Record extracts
------
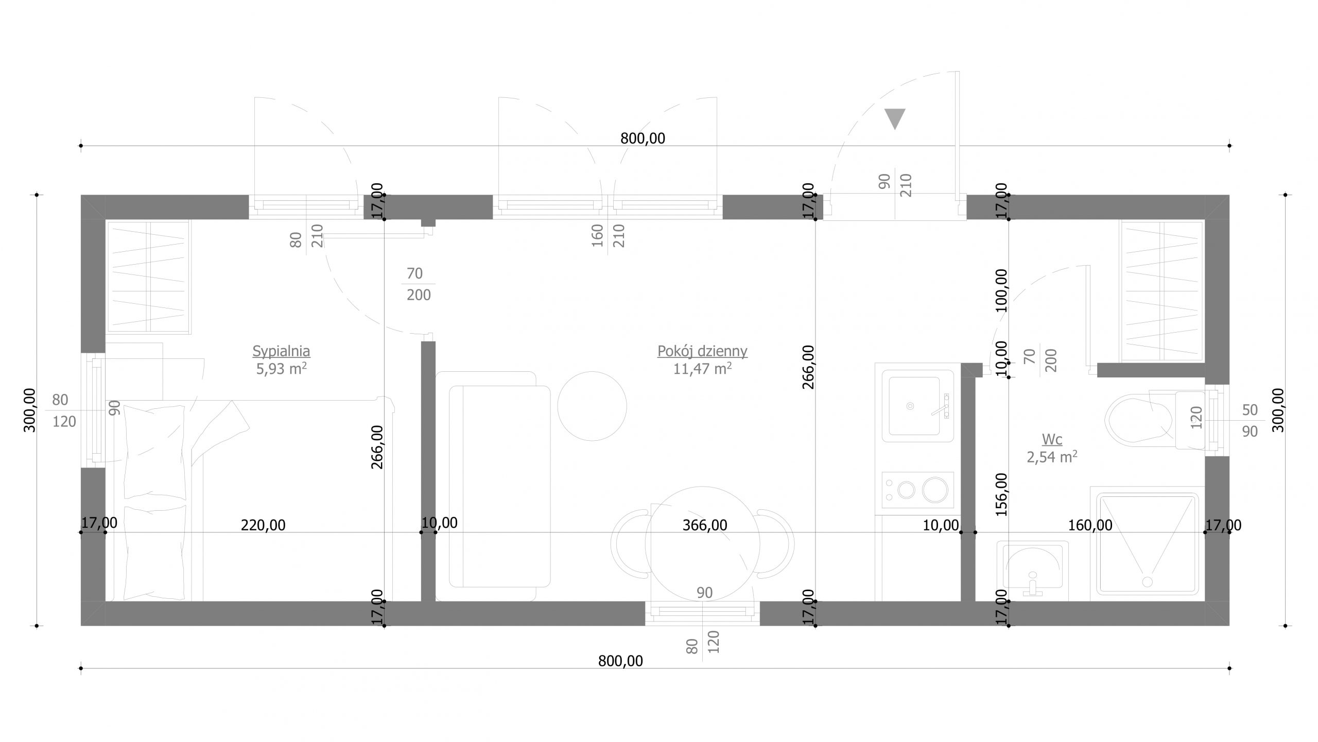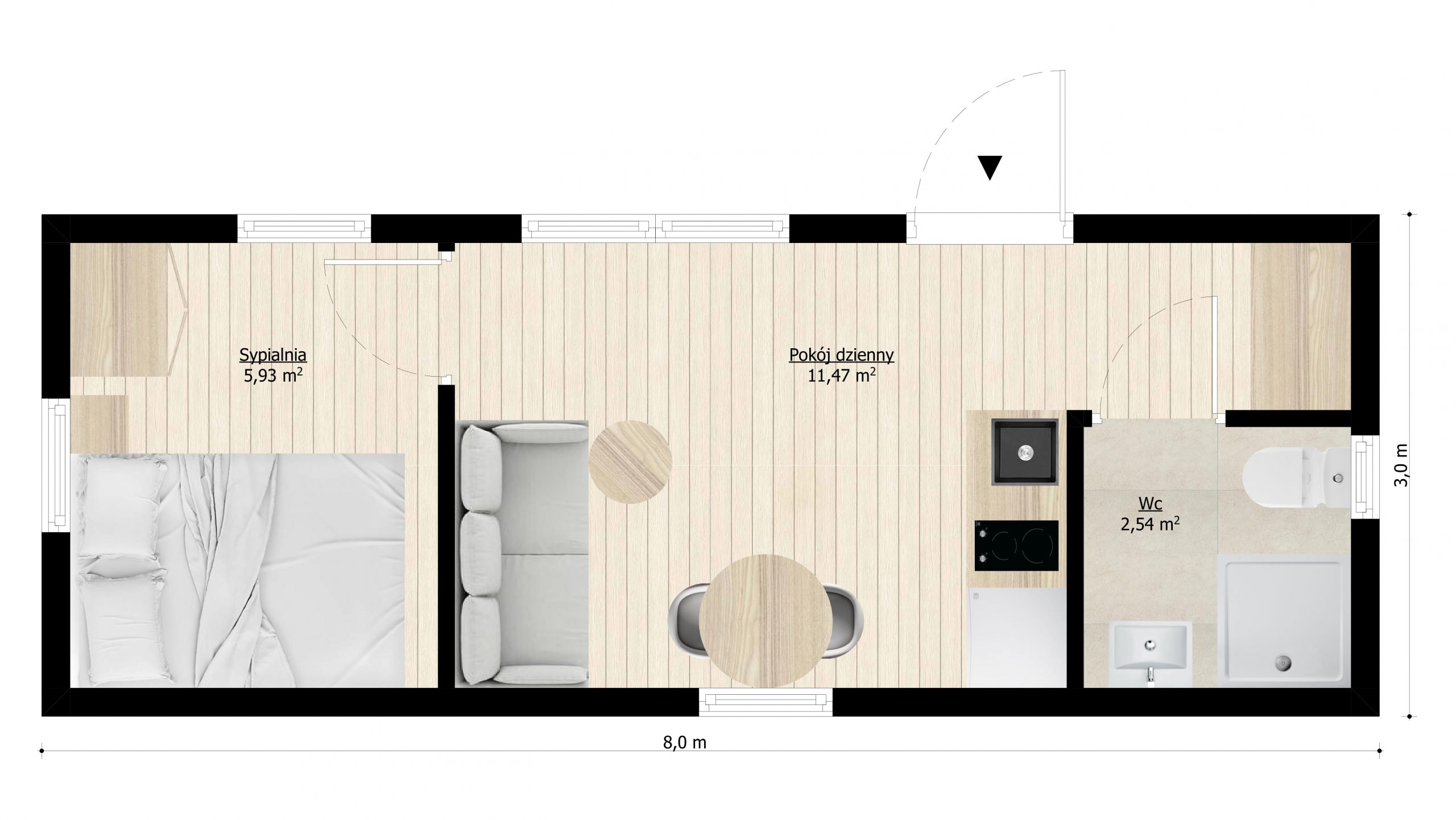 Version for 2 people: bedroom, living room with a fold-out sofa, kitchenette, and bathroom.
------
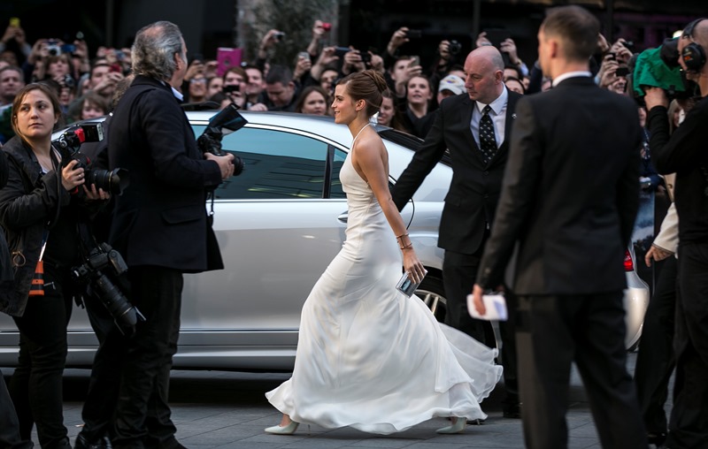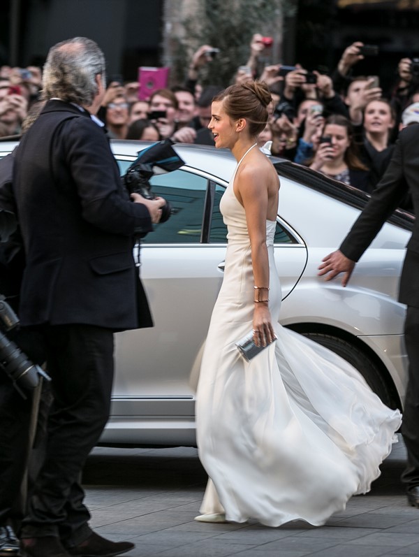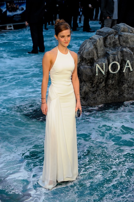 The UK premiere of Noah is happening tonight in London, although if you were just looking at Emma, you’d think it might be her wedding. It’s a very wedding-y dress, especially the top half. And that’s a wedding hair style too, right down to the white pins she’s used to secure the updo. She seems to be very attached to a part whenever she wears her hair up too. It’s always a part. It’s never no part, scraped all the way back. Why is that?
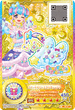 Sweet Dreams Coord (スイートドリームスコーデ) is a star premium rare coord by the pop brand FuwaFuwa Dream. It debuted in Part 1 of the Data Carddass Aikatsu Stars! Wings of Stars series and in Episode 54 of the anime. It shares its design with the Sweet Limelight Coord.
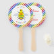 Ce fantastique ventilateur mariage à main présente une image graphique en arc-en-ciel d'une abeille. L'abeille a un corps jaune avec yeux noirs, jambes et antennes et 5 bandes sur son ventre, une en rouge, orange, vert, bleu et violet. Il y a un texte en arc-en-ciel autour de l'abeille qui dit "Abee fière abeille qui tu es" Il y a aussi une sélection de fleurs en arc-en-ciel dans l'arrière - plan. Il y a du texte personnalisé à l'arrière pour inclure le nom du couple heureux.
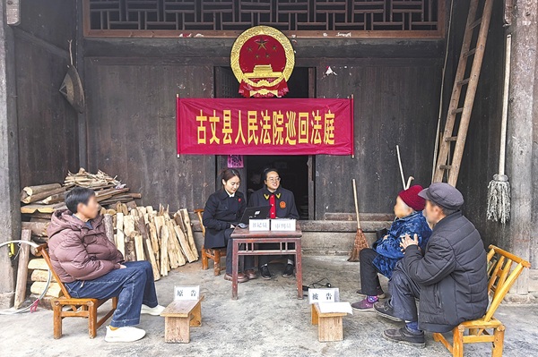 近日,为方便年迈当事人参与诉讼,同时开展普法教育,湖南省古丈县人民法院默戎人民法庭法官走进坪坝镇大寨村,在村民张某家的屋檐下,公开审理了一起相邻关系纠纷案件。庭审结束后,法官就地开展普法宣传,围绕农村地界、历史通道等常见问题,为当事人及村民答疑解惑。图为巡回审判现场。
------
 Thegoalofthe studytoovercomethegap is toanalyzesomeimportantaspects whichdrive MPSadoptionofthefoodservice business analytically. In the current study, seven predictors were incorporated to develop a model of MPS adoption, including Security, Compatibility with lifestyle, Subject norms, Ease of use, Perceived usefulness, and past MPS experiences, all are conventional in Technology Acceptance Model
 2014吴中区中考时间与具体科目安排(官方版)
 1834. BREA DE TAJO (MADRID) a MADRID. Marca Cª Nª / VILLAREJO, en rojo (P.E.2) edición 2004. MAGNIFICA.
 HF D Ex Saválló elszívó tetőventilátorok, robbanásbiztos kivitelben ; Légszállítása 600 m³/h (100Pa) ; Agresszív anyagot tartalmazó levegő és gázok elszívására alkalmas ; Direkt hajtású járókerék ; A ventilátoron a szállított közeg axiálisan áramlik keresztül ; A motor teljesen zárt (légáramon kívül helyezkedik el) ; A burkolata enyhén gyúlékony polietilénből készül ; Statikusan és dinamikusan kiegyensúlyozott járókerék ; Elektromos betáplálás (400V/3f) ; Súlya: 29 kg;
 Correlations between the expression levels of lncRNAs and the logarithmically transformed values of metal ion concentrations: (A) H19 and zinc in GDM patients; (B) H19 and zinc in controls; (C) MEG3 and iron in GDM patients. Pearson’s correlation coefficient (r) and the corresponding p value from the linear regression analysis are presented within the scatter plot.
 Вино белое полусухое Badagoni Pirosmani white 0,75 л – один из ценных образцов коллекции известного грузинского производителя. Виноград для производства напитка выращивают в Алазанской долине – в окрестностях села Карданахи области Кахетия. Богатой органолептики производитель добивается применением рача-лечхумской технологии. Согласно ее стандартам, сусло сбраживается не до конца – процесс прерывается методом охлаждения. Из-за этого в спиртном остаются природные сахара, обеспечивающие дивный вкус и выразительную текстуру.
------
Your task
Only the lines above from the one with "2014吴中区中考时间与具体科目安排(官方版)" through the one with "Correlations between the" should be duplicated, character for character.

Task answer
 2014吴中区中考时间与具体科目安排(官方版)
 1834. BREA DE TAJO (MADRID) a MADRID. Marca Cª Nª / VILLAREJO, en rojo (P.E.2) edición 2004. MAGNIFICA.
 HF D Ex Saválló elszívó tetőventilátorok, robbanásbiztos kivitelben ; Légszállítása 600 m³/h (100Pa) ; Agresszív anyagot tartalmazó levegő és gázok elszívására alkalmas ; Direkt hajtású járókerék ; A ventilátoron a szállított közeg axiálisan áramlik keresztül ; A motor teljesen zárt (légáramon kívül helyezkedik el) ; A burkolata enyhén gyúlékony polietilénből készül ; Statikusan és dinamikusan kiegyensúlyozott járókerék ; Elektromos betáplálás (400V/3f) ; Súlya: 29 kg;
 Correlations between the expression levels of lncRNAs and the logarithmically transformed values of metal ion concentrations: (A) H19 and zinc in GDM patients; (B) H19 and zinc in controls; (C) MEG3 and iron in GDM patients. Pearson’s correlation coefficient (r) and the corresponding p value from the linear regression analysis are presented within the scatter plot.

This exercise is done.